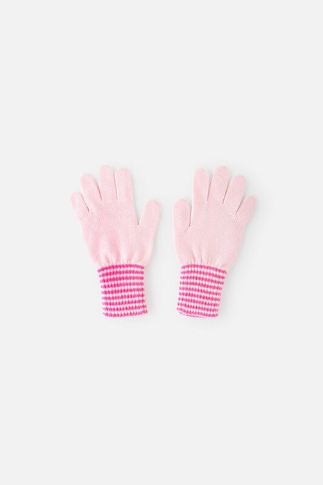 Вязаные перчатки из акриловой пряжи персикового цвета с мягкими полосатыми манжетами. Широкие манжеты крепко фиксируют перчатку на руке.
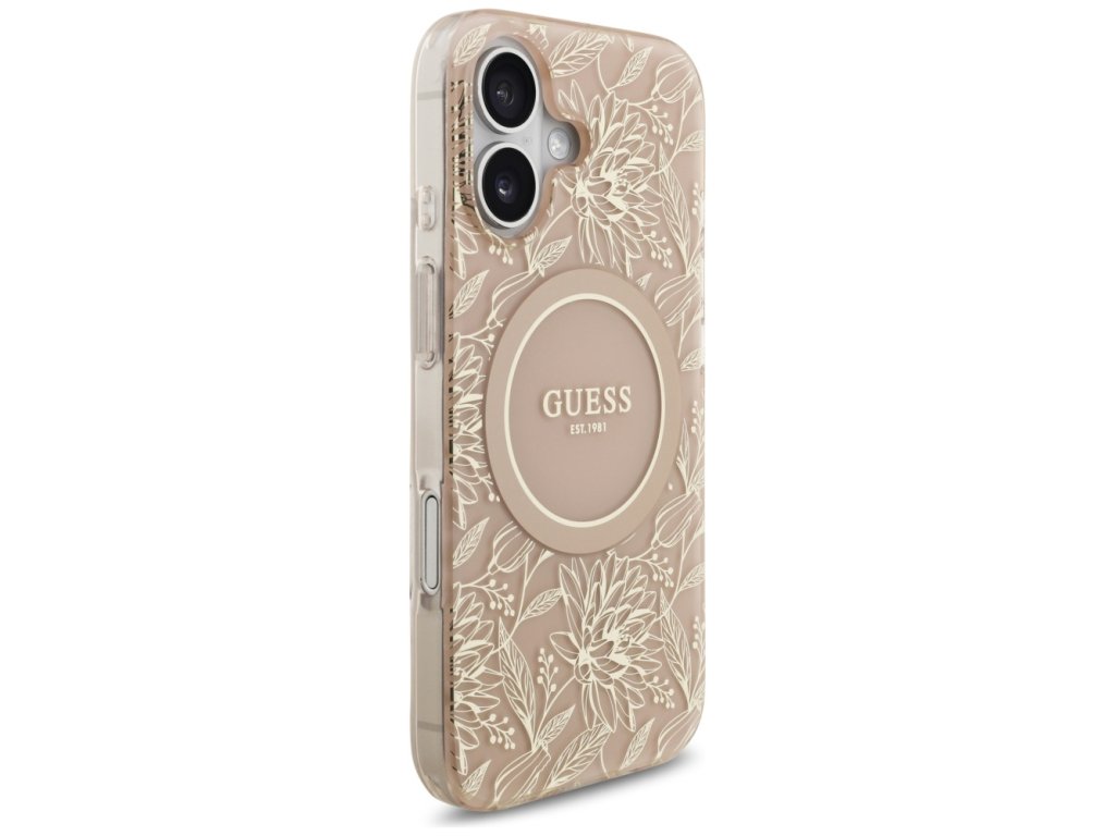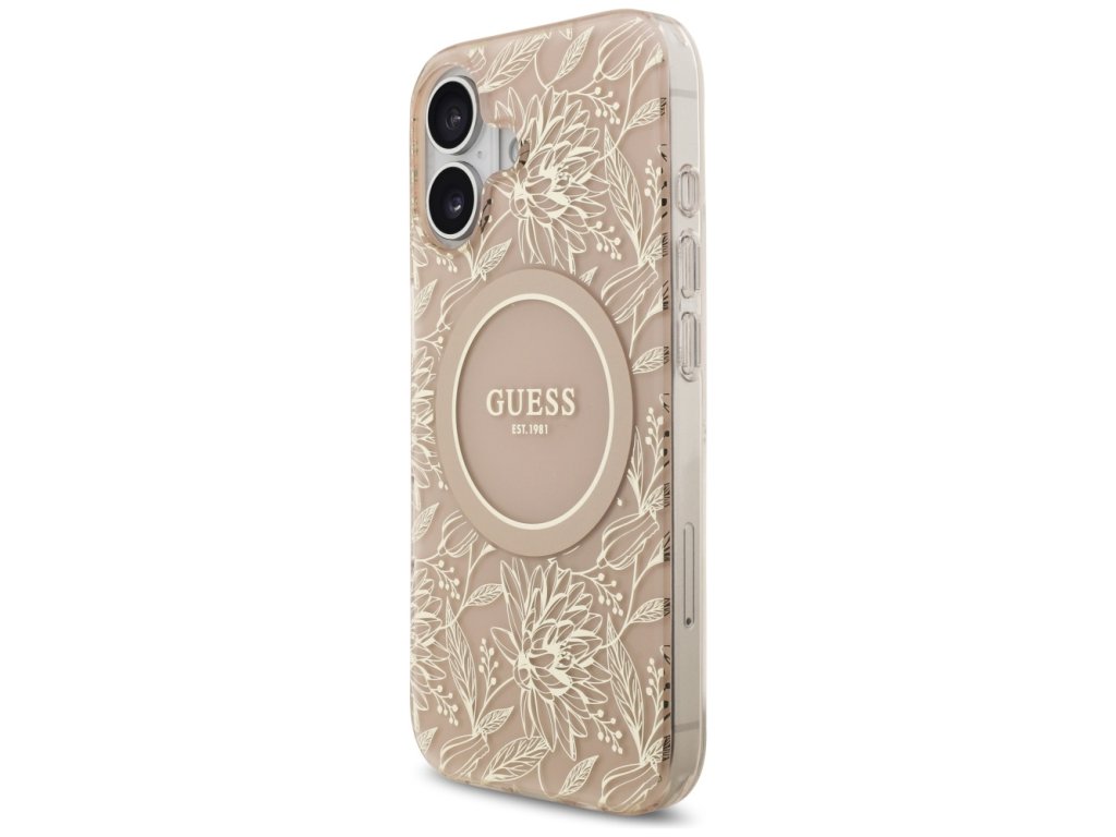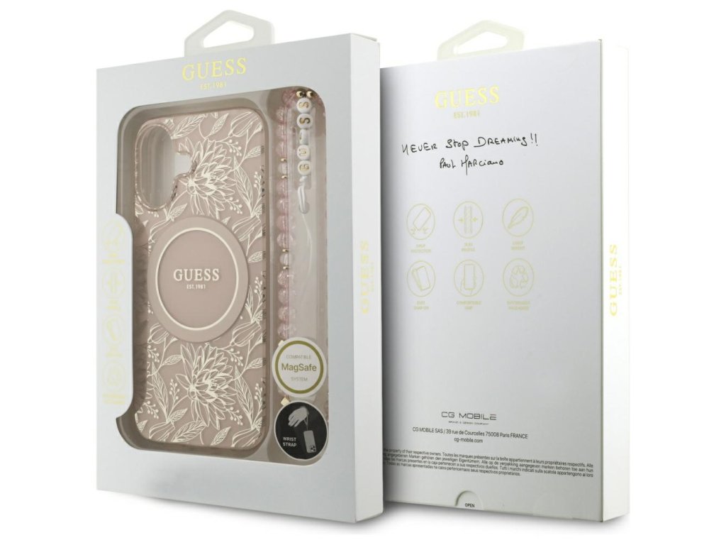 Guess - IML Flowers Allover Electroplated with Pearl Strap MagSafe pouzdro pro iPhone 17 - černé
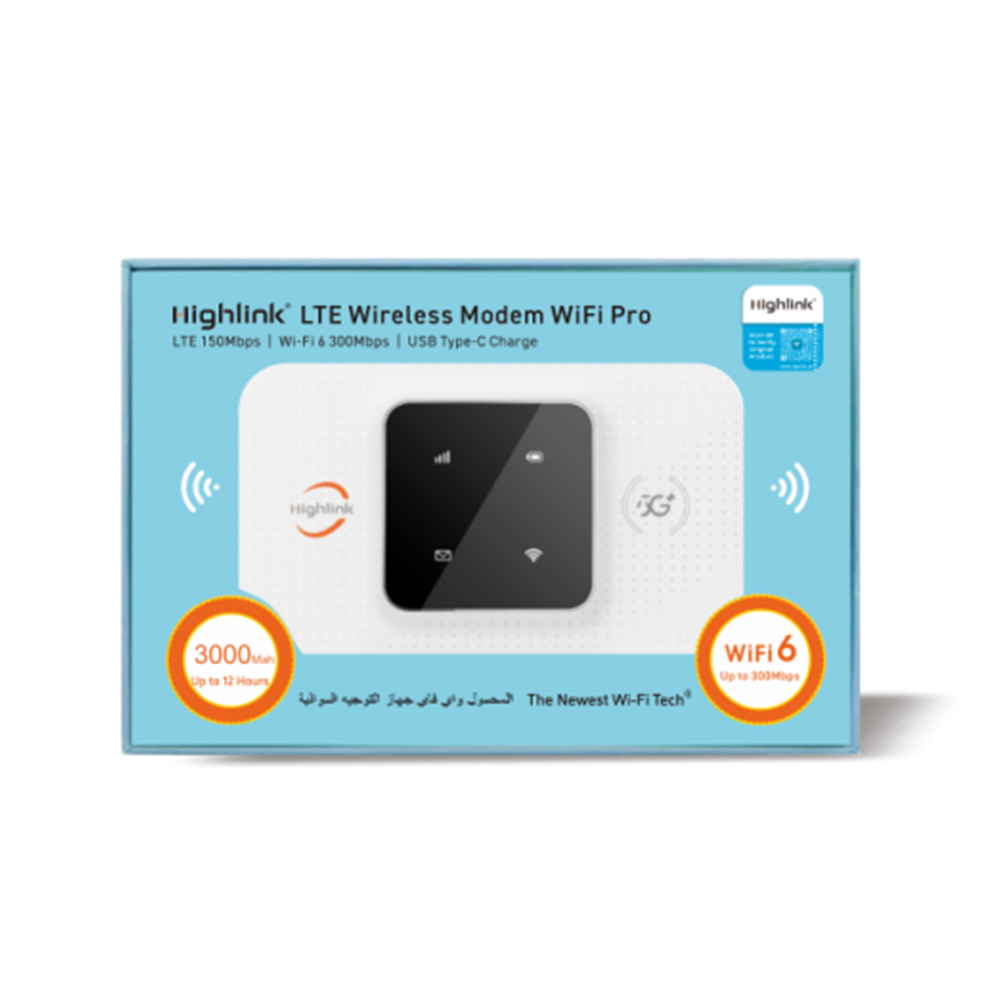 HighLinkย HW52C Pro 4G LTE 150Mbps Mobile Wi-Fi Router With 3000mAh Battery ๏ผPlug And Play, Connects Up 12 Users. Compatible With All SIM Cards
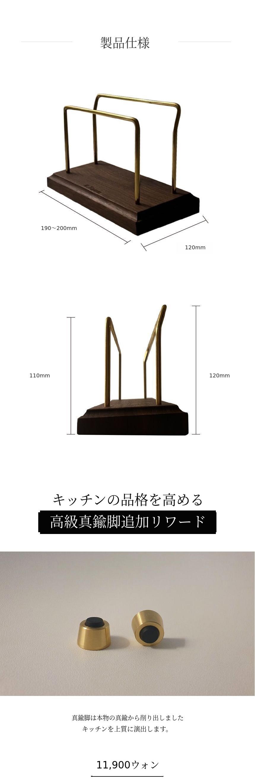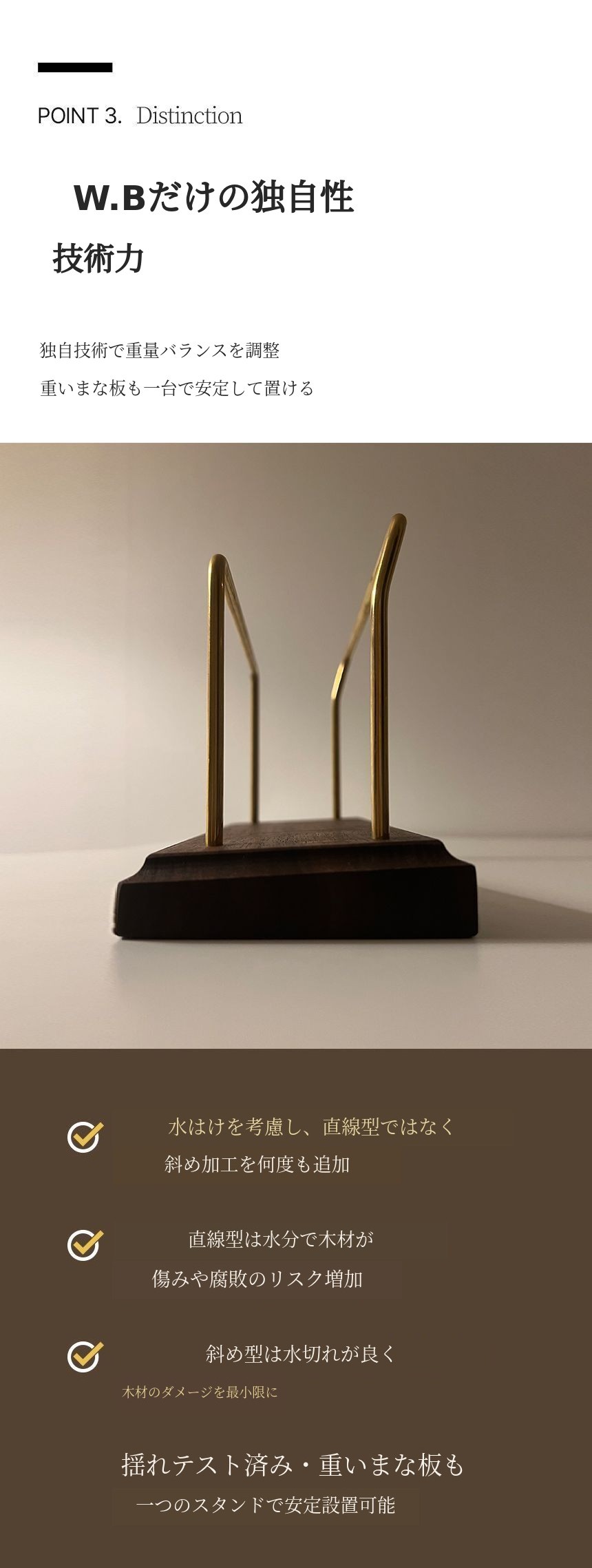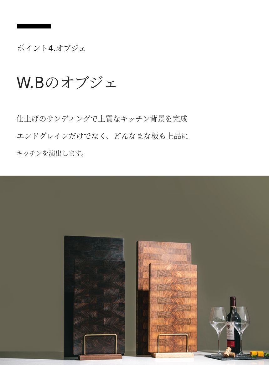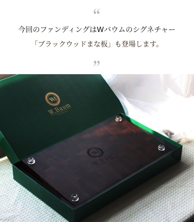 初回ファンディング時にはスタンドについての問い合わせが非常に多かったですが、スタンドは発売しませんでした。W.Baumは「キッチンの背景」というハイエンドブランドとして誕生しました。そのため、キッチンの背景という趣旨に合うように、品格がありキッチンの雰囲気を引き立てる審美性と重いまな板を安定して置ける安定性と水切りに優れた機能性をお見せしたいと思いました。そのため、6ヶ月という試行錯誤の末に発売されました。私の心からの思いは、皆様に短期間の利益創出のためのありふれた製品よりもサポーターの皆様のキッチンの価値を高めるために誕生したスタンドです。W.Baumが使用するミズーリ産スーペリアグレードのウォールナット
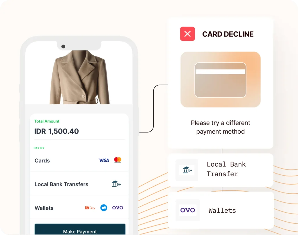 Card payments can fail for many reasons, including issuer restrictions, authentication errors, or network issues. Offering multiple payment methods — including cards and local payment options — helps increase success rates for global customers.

------------------------------------------------------------

Pictures should not appear in the copy. Write out exactly the lines above from the first one through the line that contains "HighLinkย HW52C Pro".

 Вязаные перчатки из акриловой пряжи персикового цвета с мягкими полосатыми манжетами. Широкие манжеты крепко фиксируют перчатку на руке.
 Guess - IML Flowers Allover Electroplated with Pearl Strap MagSafe pouzdro pro iPhone 17 - černé
 HighLinkย HW52C Pro 4G LTE 150Mbps Mobile Wi-Fi Router With 3000mAh Battery ๏ผPlug And Play, Connects Up 12 Users. Compatible With All SIM Cards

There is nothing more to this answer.